Health care professionals from around the state will gather in Des Moines today for an HIV/AIDS Conference. It’s the 10th year for the event and it comes at a time when the number of Iowans diagnosed with HIV infection has reached it’s highest level since HIV reporting began in 1998.

Patricia Young, the HIV Prevention Coordinator for the Iowa Department of Public Health, says the conference will include discussions of effective strategies and interventions to help people change behaviors that put them at risk for HIV, other sexual transmitted diseases and hepatitis. "It will provide people an opportunity to look at what has been demonstrated in research and look at…how we put that in practice and how that will look for Iowans," Young said.

There were 127 HIV cases diagnosed in Iowa in 2007 – up from 113 in 2006 and the previous high of 117 in 2005. "We’re especially concerned with the people that are late testers or individuals who have been infected for months or years but they only recently underwent testing," Young said. "We want to be sure that people know that HIV is here in Iowa and that testing is available."

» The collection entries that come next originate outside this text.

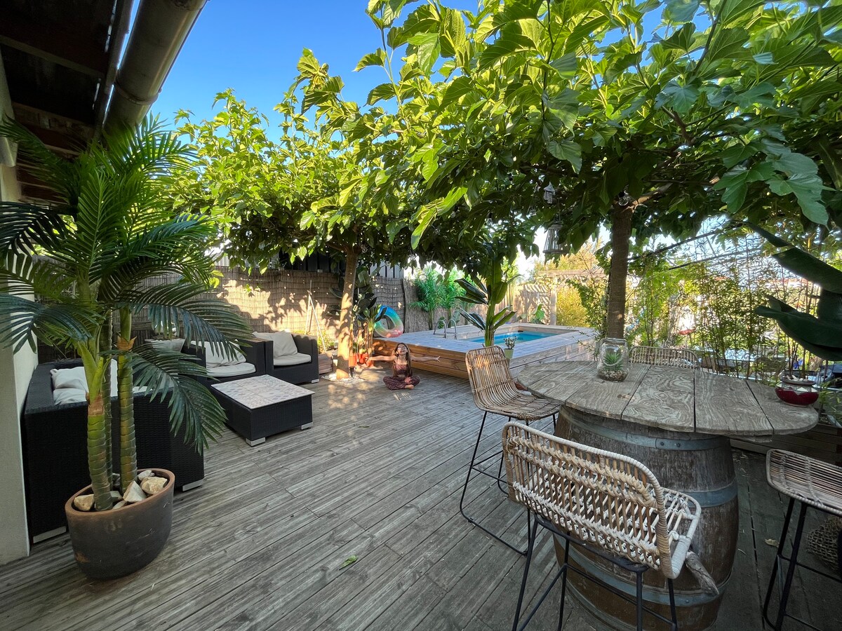 T2 appartement dicht bij Montpellier met tuin en spa
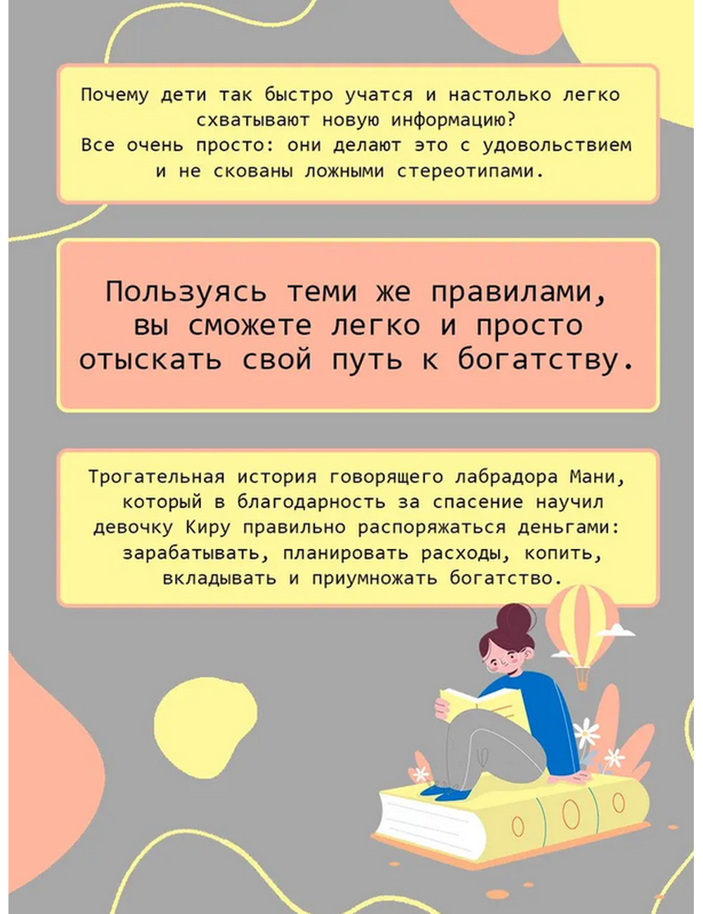Почему дети так быстро учатся и настолько легко схватывают новую информацию? Все очень просто: они делают это с удовольствием и не скованы ложными стереотипами. Пользуясь теми же правилами, вы сможете легко и просто отыскать свой путь к богатству. Трогательная история говорящего лабрадора Мани, который оказался настоящим финансовым гением, в доступной форме открывает перед детьми и взрослыми секреты денег.
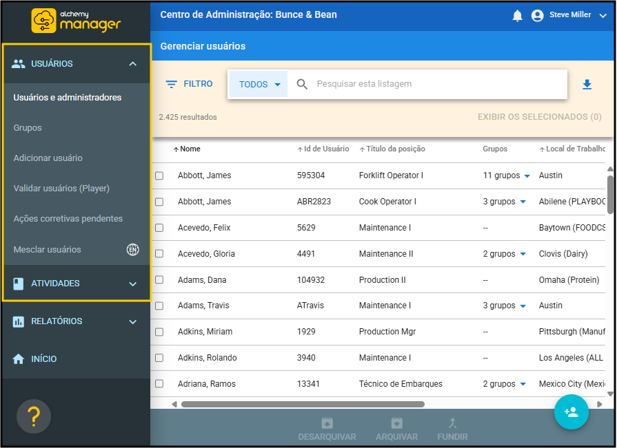 O eixo central da plataforma Intertek Alchemy é o Manager. Ele abriga a execução de certas funções regularmente. Seja gerenciando usuários, construindo e atribuindo atividades de treinamento, ou realizando buscas, este artigo é um guia para navegar pelas funcionalidades comuns que você encontrará no Manager.
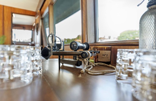 Experience a special holiday on a charming 22-metre-long motor yacht from the 1970s. The boat is moored quietly and securely on the harbour promenade of Eckernförde. Enjoy the proximity to restaurants, cafés, and shops while staying in a stylish and unique setting. All this is just a few hundred metres from the beach. The motor yacht accommodates up to 6 guests in 3 comfortable bedrooms, each with its own bathroom. The extensively renovated boat features a spacious living salon, a cosy dining salon, and a fully equipped galley with induction hob, oven, dishwasher, microwave, fridge-freezer, and espresso machine. Wi-Fi, TV, and a workspace are also available.
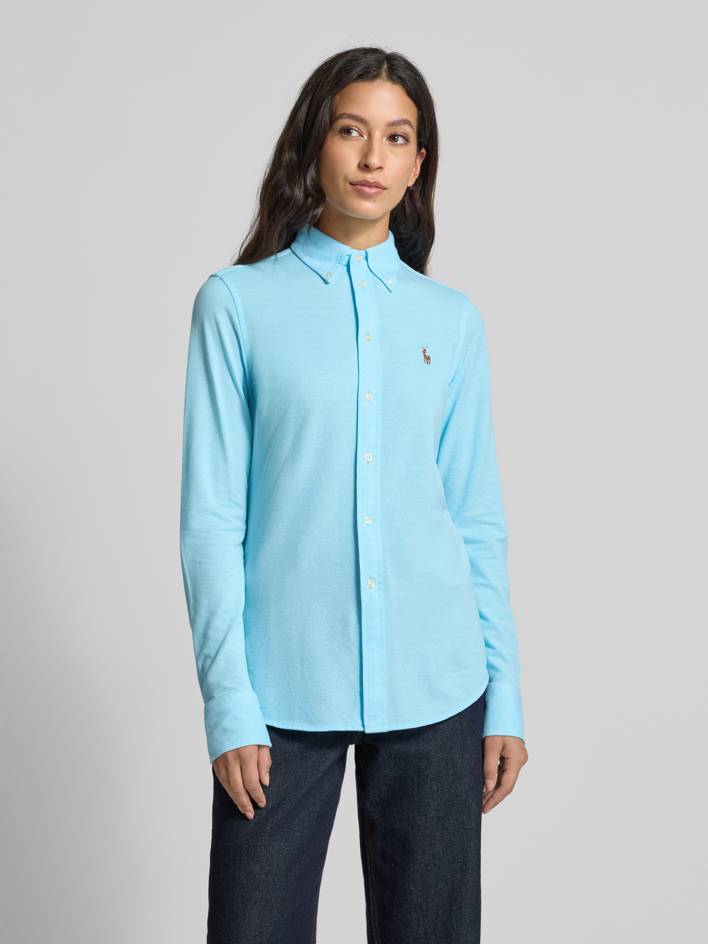 Slim fit overhemdblouse met button-downkraag in turquoise
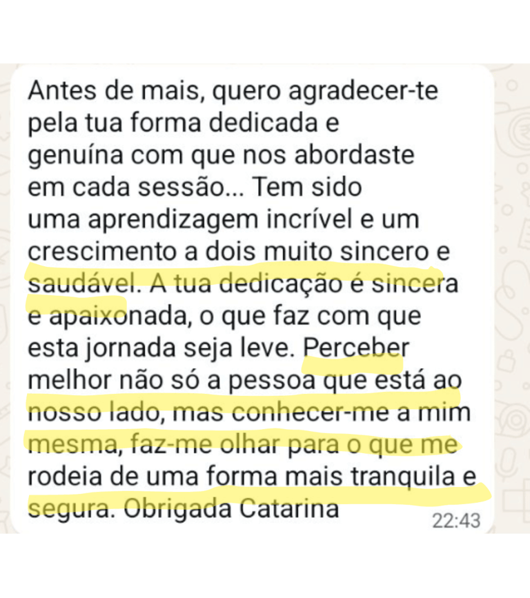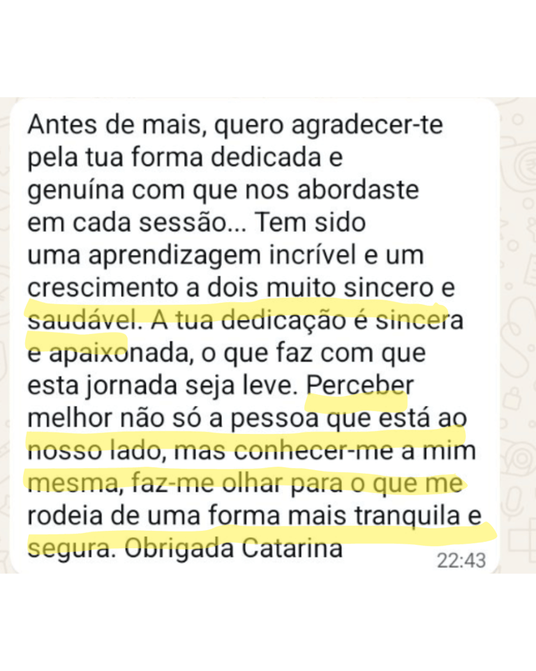 Ao longo do meu percurso, vi casais que chegaram em conflito constante voltarem a comunicar com respeito, a sentir proximidade emocional e a escolher novamente a relação com verdade.
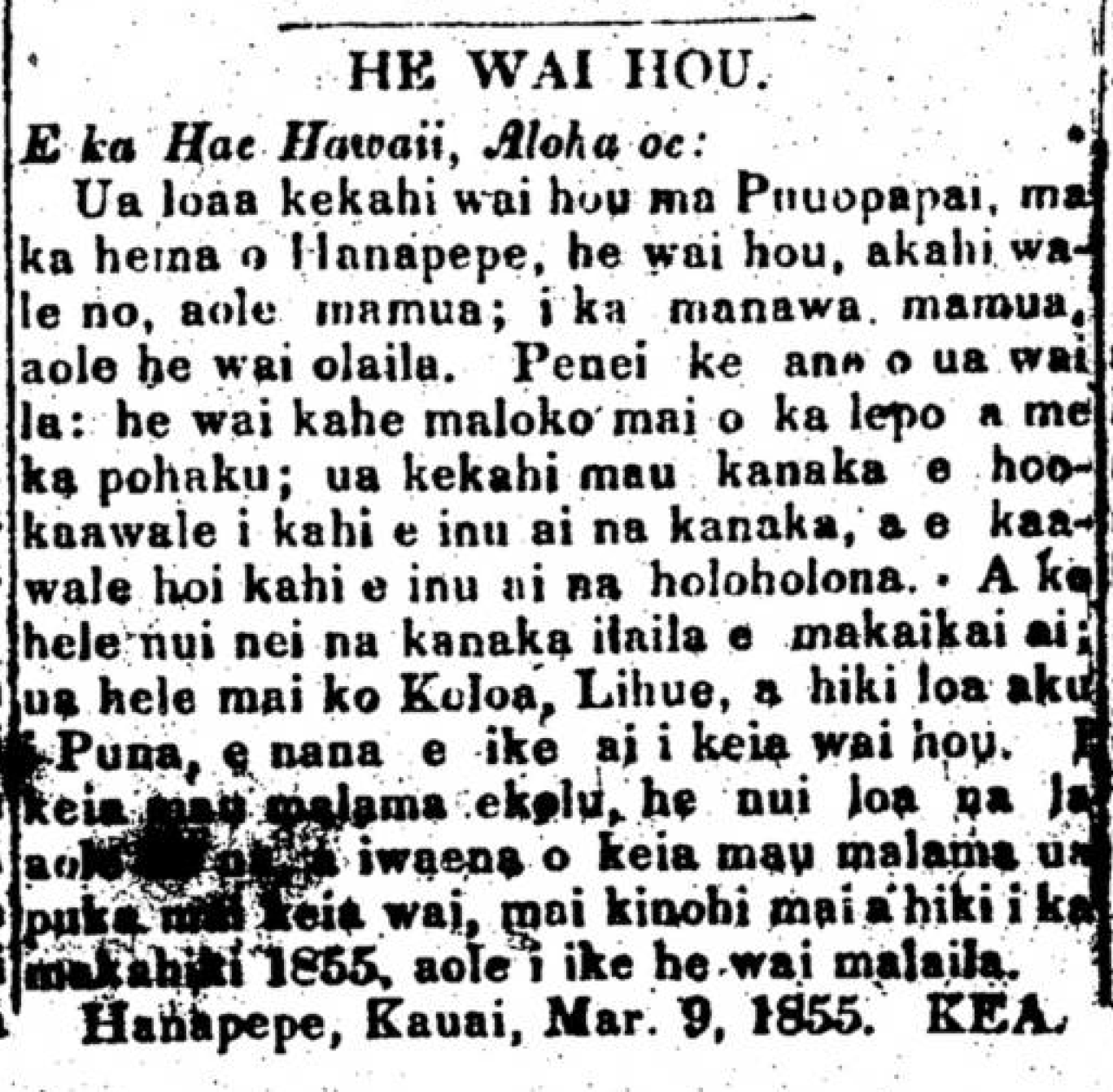 A new water source was found at Puuopapai, to the south of Hanapepe. It is a new water source found only now, not before. In earlier days there was no water there. This is the nature of that water: It is water that flows within earth and stone; some people have divided it into a place where people drink, and where animals drink. There are many who are going there to sightsee, from Koloa, Lihue, and all the way to Puna, to go and see this new water source. These past three months, there were a lot of sunny days without rain, and it was during these months that the water appeared. From the beginning to the year 1855, water was not seen there.

Men accounted for 83% of the new HIV cases in Iowa in 2007. Young says men having sex with men remains the number one risk factor for the transmission of the virus that causes AIDS. A disproportionate number of black Iowans are also testing positive.

"Blacks make up about 2.5% of Iowa’s population but account for about 20 percent of the new HIV diagnoses in 2007. So, this conference will be addressing a lot of interventions and topics related to those specific populations," Young said. The HIV/AIDS Conference will take place today and tomorrow at the Holiday Inn Conference Center near the Des Moines Airport.